Provided information —
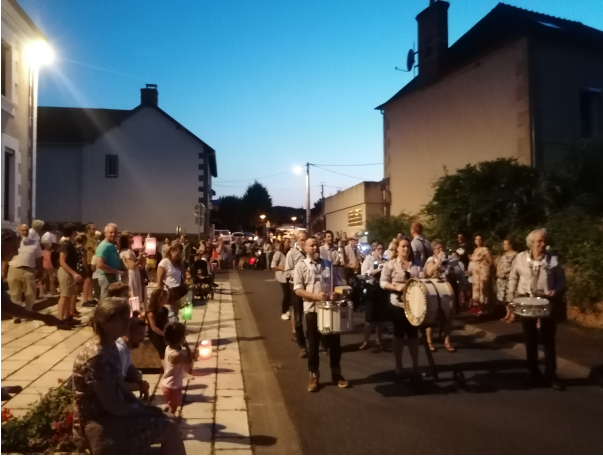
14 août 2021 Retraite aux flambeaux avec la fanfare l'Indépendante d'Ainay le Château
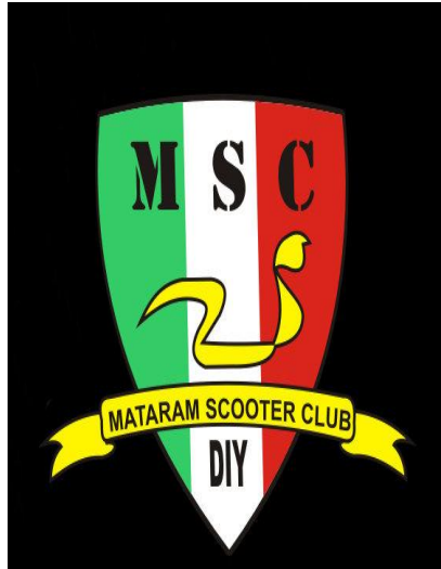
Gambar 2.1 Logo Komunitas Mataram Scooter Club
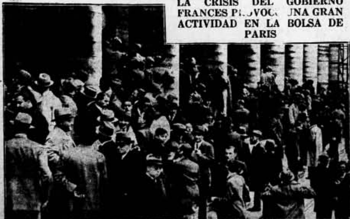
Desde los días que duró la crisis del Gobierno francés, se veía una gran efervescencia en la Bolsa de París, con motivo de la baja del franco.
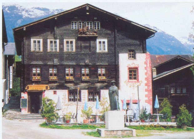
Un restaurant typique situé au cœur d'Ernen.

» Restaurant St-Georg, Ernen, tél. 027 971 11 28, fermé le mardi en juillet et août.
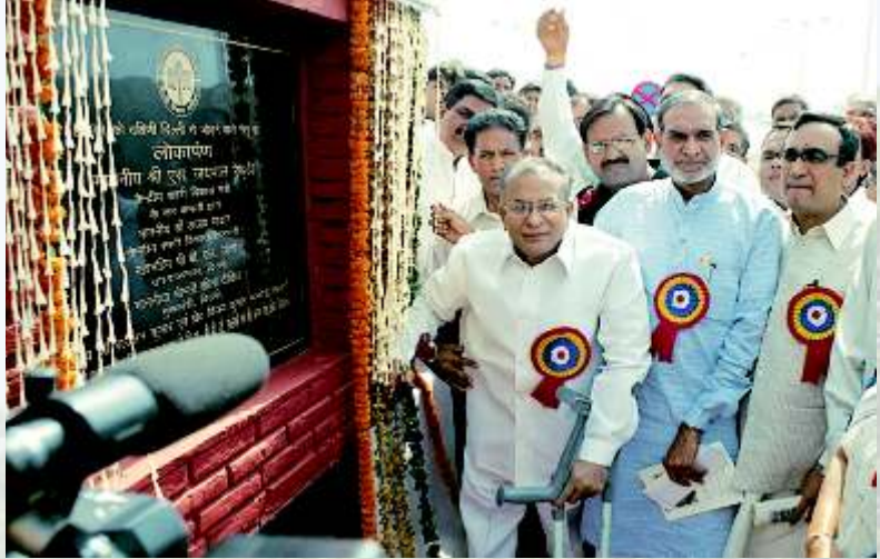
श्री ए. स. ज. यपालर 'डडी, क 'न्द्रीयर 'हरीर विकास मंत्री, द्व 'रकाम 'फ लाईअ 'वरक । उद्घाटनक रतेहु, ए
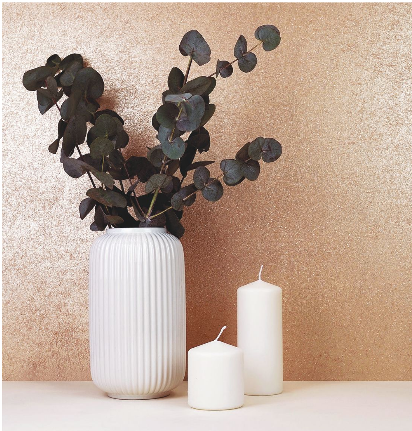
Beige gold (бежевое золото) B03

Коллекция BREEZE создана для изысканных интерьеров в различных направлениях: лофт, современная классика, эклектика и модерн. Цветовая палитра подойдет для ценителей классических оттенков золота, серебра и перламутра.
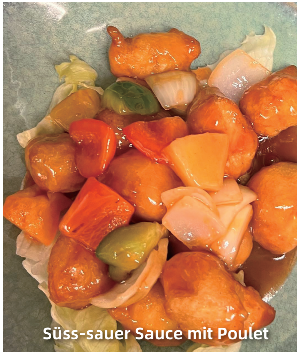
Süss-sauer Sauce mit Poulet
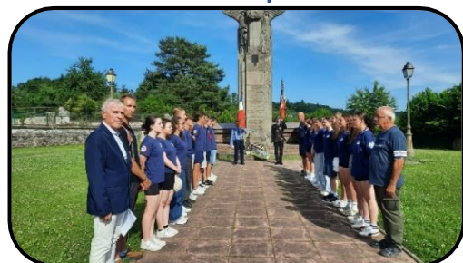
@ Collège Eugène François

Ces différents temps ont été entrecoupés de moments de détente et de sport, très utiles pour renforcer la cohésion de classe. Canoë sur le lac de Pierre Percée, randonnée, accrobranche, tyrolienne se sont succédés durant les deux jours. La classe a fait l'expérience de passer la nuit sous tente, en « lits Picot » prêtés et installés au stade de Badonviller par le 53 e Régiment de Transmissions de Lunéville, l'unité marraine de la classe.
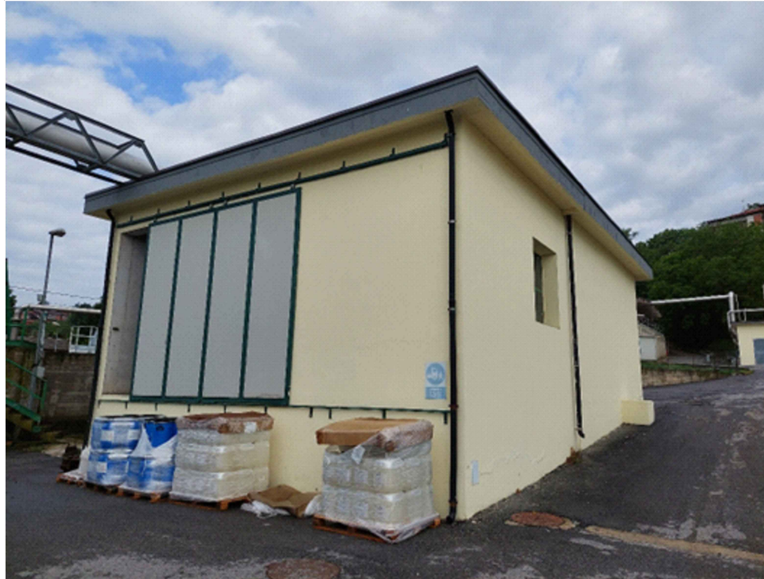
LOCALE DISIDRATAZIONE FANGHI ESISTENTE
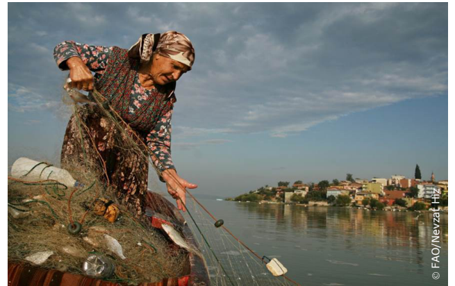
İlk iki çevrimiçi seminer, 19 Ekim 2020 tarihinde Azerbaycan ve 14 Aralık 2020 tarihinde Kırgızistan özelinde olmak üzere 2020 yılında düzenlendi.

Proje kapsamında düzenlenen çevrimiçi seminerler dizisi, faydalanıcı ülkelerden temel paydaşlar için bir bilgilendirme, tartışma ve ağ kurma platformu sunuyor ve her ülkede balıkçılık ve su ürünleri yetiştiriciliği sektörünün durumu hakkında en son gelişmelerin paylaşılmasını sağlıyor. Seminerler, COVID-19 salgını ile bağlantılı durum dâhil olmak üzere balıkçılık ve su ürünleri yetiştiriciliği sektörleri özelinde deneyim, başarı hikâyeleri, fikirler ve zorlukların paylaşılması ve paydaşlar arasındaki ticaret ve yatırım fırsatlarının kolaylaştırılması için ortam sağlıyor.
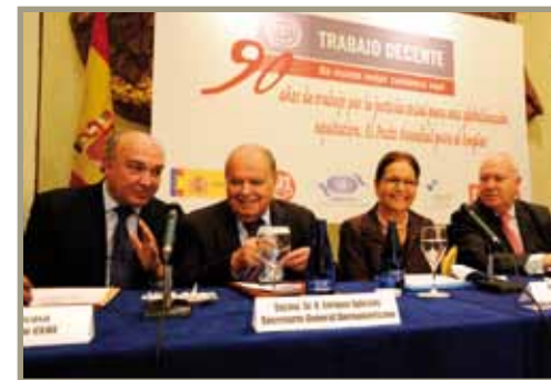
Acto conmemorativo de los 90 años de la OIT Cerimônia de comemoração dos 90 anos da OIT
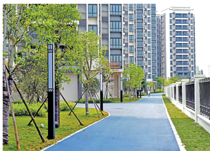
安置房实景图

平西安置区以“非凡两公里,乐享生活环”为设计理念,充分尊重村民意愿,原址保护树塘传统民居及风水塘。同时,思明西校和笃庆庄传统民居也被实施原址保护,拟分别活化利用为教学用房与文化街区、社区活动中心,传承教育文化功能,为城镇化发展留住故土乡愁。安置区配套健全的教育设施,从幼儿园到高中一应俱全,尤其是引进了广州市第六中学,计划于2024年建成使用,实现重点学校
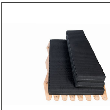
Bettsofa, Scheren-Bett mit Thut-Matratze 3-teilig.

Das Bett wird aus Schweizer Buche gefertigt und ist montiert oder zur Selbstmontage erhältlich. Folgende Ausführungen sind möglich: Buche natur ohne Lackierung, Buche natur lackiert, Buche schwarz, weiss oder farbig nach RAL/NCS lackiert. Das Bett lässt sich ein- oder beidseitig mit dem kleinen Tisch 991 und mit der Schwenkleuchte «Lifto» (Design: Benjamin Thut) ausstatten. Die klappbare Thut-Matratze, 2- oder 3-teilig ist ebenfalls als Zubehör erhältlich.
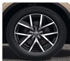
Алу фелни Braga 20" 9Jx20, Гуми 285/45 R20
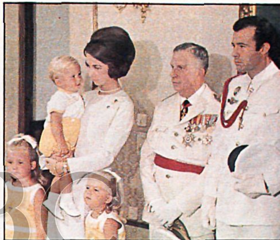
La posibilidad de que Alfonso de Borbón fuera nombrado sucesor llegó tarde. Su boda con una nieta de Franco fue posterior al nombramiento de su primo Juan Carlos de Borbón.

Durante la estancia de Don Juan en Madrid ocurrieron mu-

--

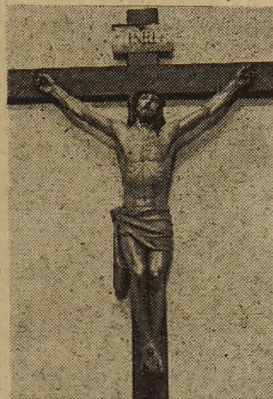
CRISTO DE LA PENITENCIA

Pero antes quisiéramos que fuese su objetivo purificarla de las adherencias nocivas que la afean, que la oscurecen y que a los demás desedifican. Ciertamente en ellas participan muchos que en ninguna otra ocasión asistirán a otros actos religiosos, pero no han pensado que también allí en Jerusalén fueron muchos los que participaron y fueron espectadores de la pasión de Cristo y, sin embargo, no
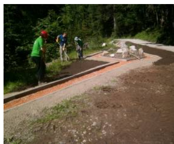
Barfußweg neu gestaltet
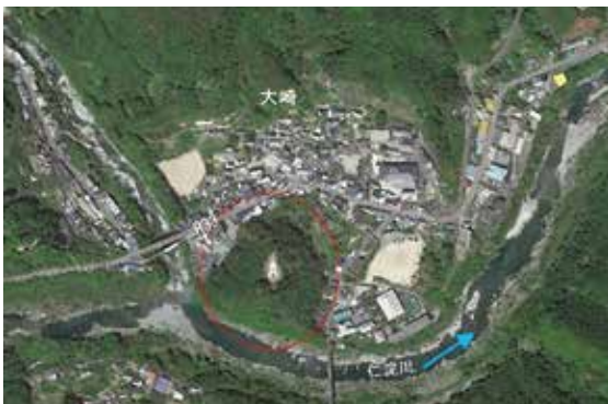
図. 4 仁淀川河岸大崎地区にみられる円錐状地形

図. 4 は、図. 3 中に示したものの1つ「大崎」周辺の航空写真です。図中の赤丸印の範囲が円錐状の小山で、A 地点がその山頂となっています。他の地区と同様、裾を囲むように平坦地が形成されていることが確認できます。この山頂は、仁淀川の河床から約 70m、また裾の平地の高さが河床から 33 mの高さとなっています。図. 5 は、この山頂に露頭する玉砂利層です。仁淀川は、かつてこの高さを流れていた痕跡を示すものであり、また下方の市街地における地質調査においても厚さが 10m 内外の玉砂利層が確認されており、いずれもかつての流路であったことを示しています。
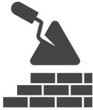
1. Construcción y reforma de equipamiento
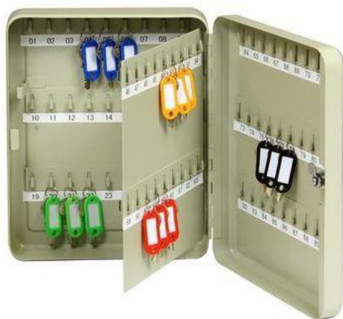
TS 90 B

--

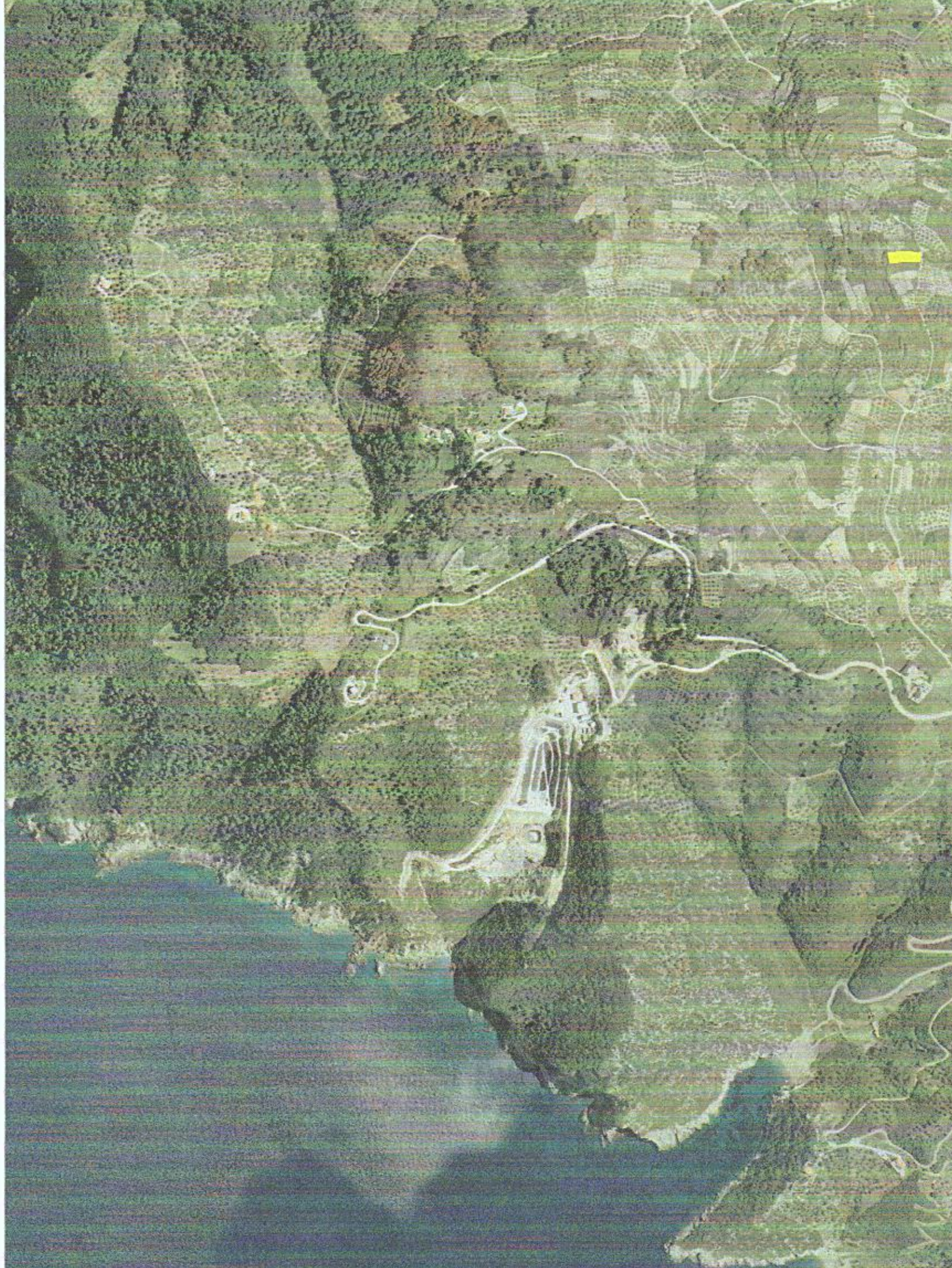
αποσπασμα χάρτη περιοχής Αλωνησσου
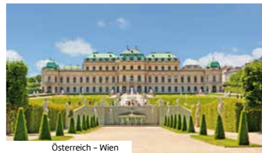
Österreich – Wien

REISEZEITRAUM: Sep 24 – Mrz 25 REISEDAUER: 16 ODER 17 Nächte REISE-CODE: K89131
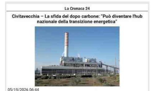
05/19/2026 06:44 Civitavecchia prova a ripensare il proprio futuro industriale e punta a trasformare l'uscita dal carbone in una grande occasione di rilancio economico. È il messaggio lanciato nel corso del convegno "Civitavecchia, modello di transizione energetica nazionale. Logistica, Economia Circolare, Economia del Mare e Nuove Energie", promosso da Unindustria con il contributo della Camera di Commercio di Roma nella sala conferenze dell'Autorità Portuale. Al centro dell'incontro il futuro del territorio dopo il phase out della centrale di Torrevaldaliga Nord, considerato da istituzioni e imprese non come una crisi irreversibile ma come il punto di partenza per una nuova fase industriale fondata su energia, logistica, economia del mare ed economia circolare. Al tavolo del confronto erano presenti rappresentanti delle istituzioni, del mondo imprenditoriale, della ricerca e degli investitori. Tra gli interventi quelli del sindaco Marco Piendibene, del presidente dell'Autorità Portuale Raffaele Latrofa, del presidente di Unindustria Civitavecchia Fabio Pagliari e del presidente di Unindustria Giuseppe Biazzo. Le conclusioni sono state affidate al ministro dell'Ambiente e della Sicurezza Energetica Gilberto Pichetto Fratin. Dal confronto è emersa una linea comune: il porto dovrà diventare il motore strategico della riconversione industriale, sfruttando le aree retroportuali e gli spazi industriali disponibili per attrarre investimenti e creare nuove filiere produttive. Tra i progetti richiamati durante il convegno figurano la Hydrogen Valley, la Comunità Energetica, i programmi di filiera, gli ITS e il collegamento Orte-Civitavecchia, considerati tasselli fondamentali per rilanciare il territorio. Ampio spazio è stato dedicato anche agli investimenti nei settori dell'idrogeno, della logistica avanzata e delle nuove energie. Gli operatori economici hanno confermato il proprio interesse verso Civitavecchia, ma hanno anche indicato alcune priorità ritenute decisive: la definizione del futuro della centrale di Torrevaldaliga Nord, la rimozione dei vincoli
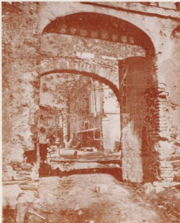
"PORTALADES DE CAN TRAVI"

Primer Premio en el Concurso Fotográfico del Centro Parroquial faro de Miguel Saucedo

What to work on — Pull every line containing "Ernen" from the data.

Output for this task —
Un restaurant typique situé au cœur d'Ernen.
» Restaurant St-Georg, Ernen, tél. 027 971 11 28, fermé le mardi en juillet et août.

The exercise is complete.